The composition ratio of Eubacterium hallii, Clostridium disporicum, and Butyrate-producing bacterium GM2.1 in the GDM group was 0.9%, 0.1%, and 0.03%, respectively. Although the composition of these bacteria is relatively small, they were nevertheless enriched in the GDM group. As a reference, these bacteria have been linked to possible disease mechanisms identified in previous studies. For example, the lactic acid or butyrate produced by bacteria can regulate intestinal permeability and induce intestinal inflammation, thereby leading to the occurrence of diabetes [40, 41]. Clostridium disporicum and other bacteria are characterized as producers of the cell wall component lipopolysaccharide (LPS), and by increasing intestinal permeability, dysregulation of the intestinal flora has been shown promote increases in levels of LPS entering the systemic circulation, thereby leading to inflammation and metabolic dysfunction [42]. In addition, the findings of studies on intestinal microbial function have indicated that LPS biosynthesis and export are involved in the regulation of blood glucose levels [39]. This will accordingly be a focus of future research to further investigate the mechanisms whereby intestinal microbes influence the occurrence and development of disease, thereby enabling the development of effective interventions.

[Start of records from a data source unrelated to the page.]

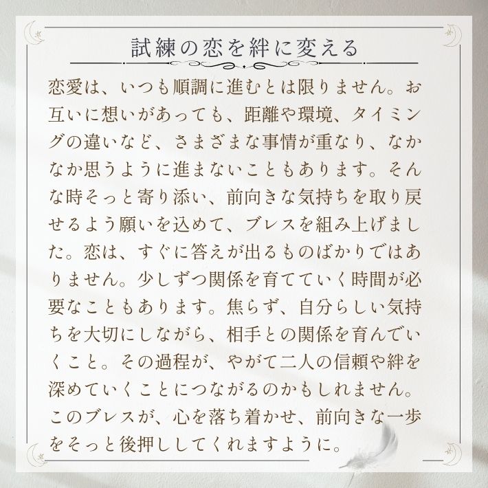 「どんな壁も、二人で乗り越える力に変えて。深い愛と絆を育む守護ブレス。」
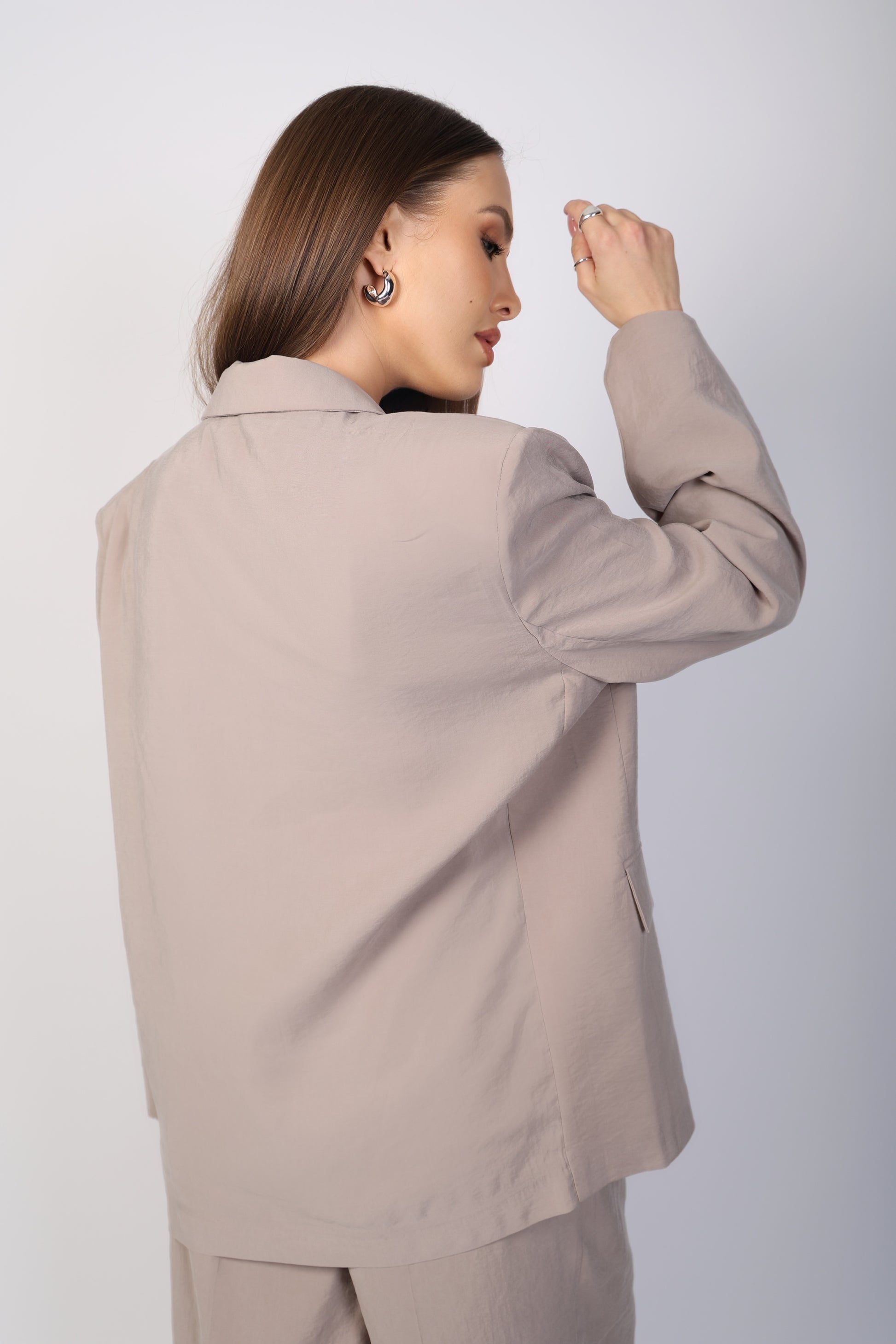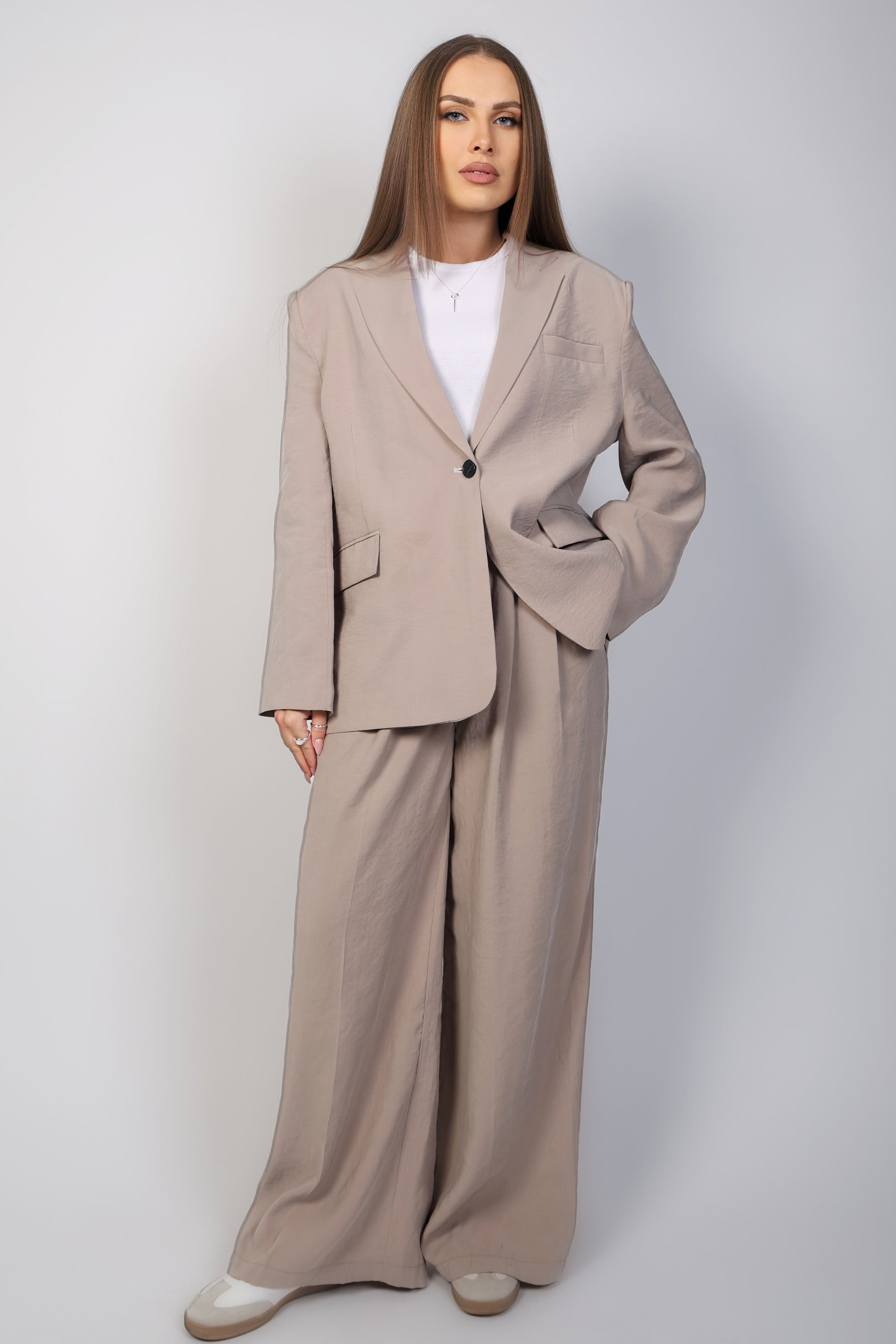 Blazer oversize en tissu léger, coupe droite et épaulettes intégrées. Il allie confort, structure et élégance. taille unique, pensé pour un porté ample et stylé.
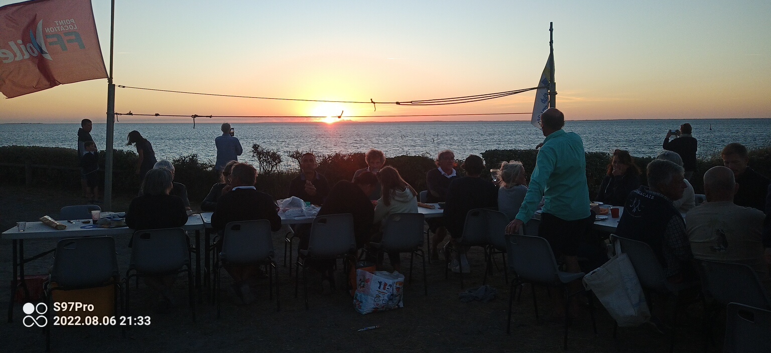 - Raid côtier : c’est avec un doux vent que la flottille d’une dizaine de bateaux du Toul Ru a traversé la baie et qu’une cinquantaine de convives s’est régalée d’une dégustation d’huîtres à Penerf. L’équipe de La belle Pernerfine nous a chaleureusement accueilli dans une ambiance familiale !
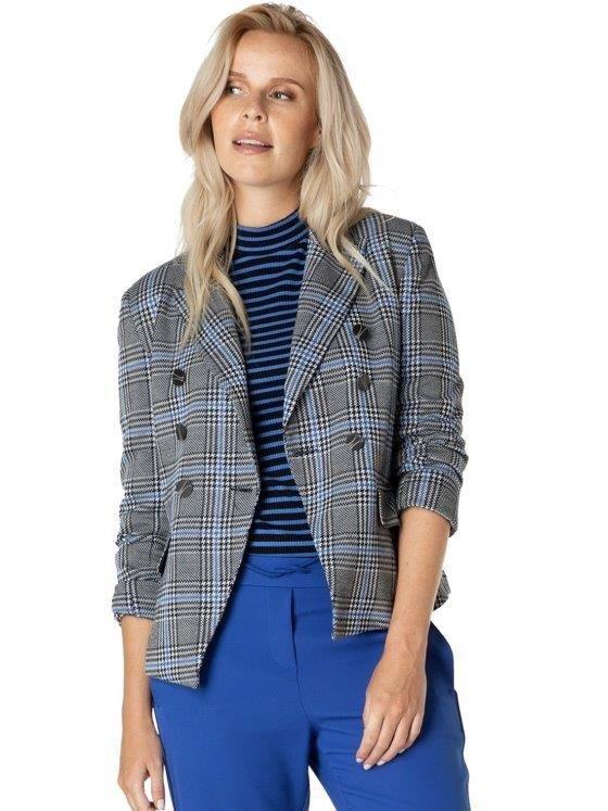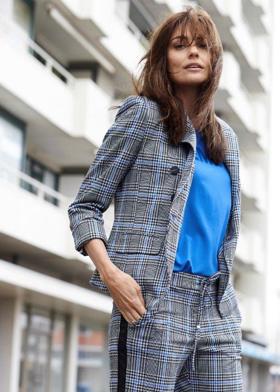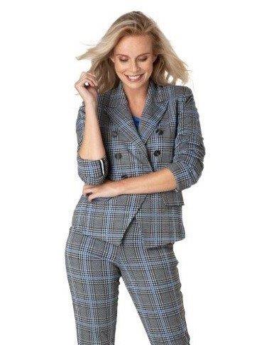 ist dieser Blazer von Yest, im topaktuellen Karomuster in den Farben blau, schwarz, hellgrau. Sie können ihn im Büro klassisch oder in der Freizeit zu Jeans tragen. Er hat Reverskragen, 2 Pattentaschen auf den Vorderteilen, wird doppelreihig geknöpft. Er ist tailliert, zum Saum hin etwas weiter. Länge ca. 59 cm am Rückenteil, ca. 67 cm an der längsten Stelle der Vorderteile in Gr. 40. Er ist schwarz gefüttert. Die Ärmel können Sie auch etwas krempeln, denn innen haben die Ärmel applizierte Ripsbänder in schwarz/hellgrau.
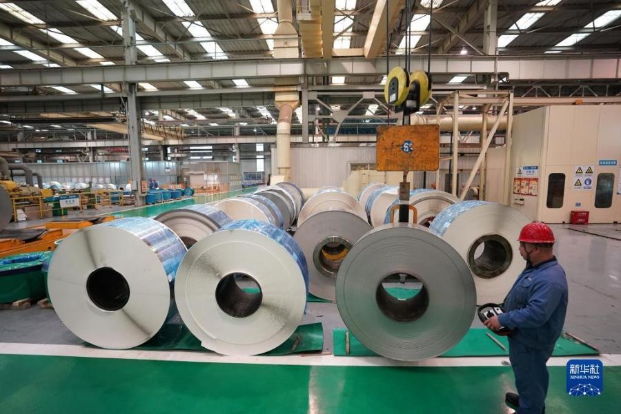 山西太原,中国宝武山西太钢不锈钢精密带钢有限公司车间,生产线上机器轰鸣,一卷卷薄如蝉翼、光滑如镜的钢材经过压延、清洗、包装等步骤自动化制成。
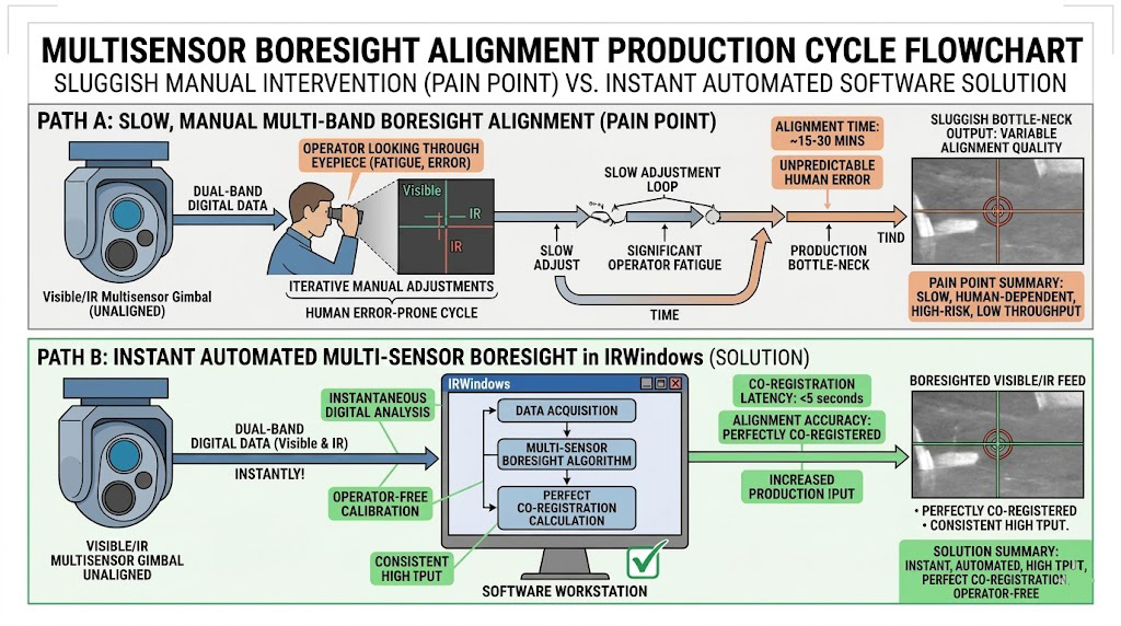 多感測器光軸對位流程對比示意圖:人為手動調整(痛點)導致誤差大、產量低;IRWindows 自動化軟體(解決方案)可即時實現完美共同註冊,提高生產效率與產量。

Among the limitations of this study was the fact that stool samples were not collected from the assessed populations during the early stages of pregnancy, and consequently, although AUC values could be used to explain the difference between different populations, we were unable to identify candidate predictor bacteria during early pregnancy. In addition, all the subjects assessed in this study were recruited from a single institute, and thus prior to commencing further clinical studies, additional large-scale multicenter studies should be conducted to verify the findings reported herein.